THOUGHTS ON TURNING 60

Last month, I turned 60 years old. I am still mulling over in my mind where some of the famous, “Gee, it’s great to get old” expressions come from.

One of my favorites uses the ever-brilliant word “gold” as in the “Golden Years.” I am not sure where this comes from, but some suggest it arises from the gold watches that retirees receive as a parting gift when they retire. Others say it is in reference to the golden environment of wiling away time in sunny Florida. I have no intention of wiling away hours anywhere other than here in Fort Wayne, Indiana.

Seriously, I think 60 is a smack in the face about your own mortality. Not that I think I am immortal, but the notion of only 5 years until 65, is fairly disconcerting. The only thing I can do now is get really old. But I do not intend to retire unless I have to – I would be bored to death. I love my home, and I would like more time to work on it, but I know after a couple of weeks I would be bouncing off the walls.

I have picked up the annoying habit of looking at the daily obituaries. As I scan the announcements, I look at the age groups. Sometimes I swear I am on the verge of hyperventilating when I see people who have died in their 40s, 50s, and 60s. The first thing I do is look at the memorial designation. If it is to an organization for some disease or illness, I breathe a sigh of relief. That means something untoward happened, and the reason for death wasn’t just age.

I remember back to my high school days in South Whitley when our class president, Mick Bishop, was killed at the age of 17 – a month shy of his 18th birthday. He was a popular person: he was our class president, he was in sports, he was cute, he was smart, and he had so much to look forward to in life. But, on his way home from Peru, Indiana, with a couple of friends, the car went out of control and hit a tree. My understanding was that he was lying down in the back seat asleep, and his side hit the tree. He died of a broken neck.
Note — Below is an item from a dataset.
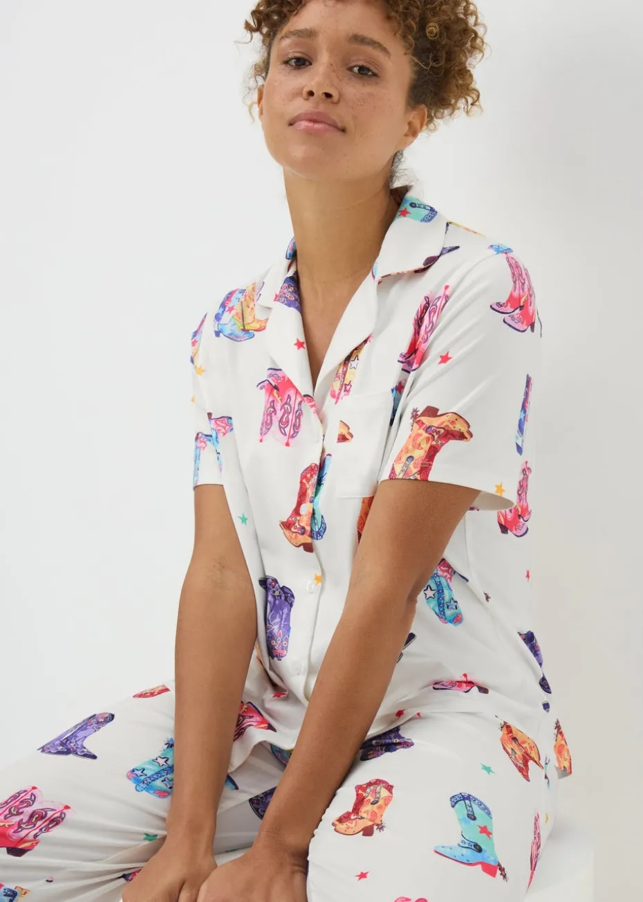 Drift off in western-inspired style with our Cream Cowboy Boot Pyjama Set. This playful two-piece features a soft cream base adorned with an all-over cowboy boot print, adding a fun twist to your nightwear collection. Made from soft, breathable fabric with a relaxed fit, it’s perfect for cosy nights and lazy mornings.

Most of us in our class were between 17 and 18 at the time he died. We couldn’t fathom a random death such as Mick’s. We could understand those who had lived a full life and then passed away. And our concept of a full life was someone who had made it to their 30s or 40s.

It is funny how over the years my idea of “old” has changed. When I hit a milestone such as each decade, I just add 25 or 30 years to it and that is my new definition of old. My co-workers, being ever so kind, kept telling me my “60 is the new 40.” Yep, sure hope that means my body feels that way too.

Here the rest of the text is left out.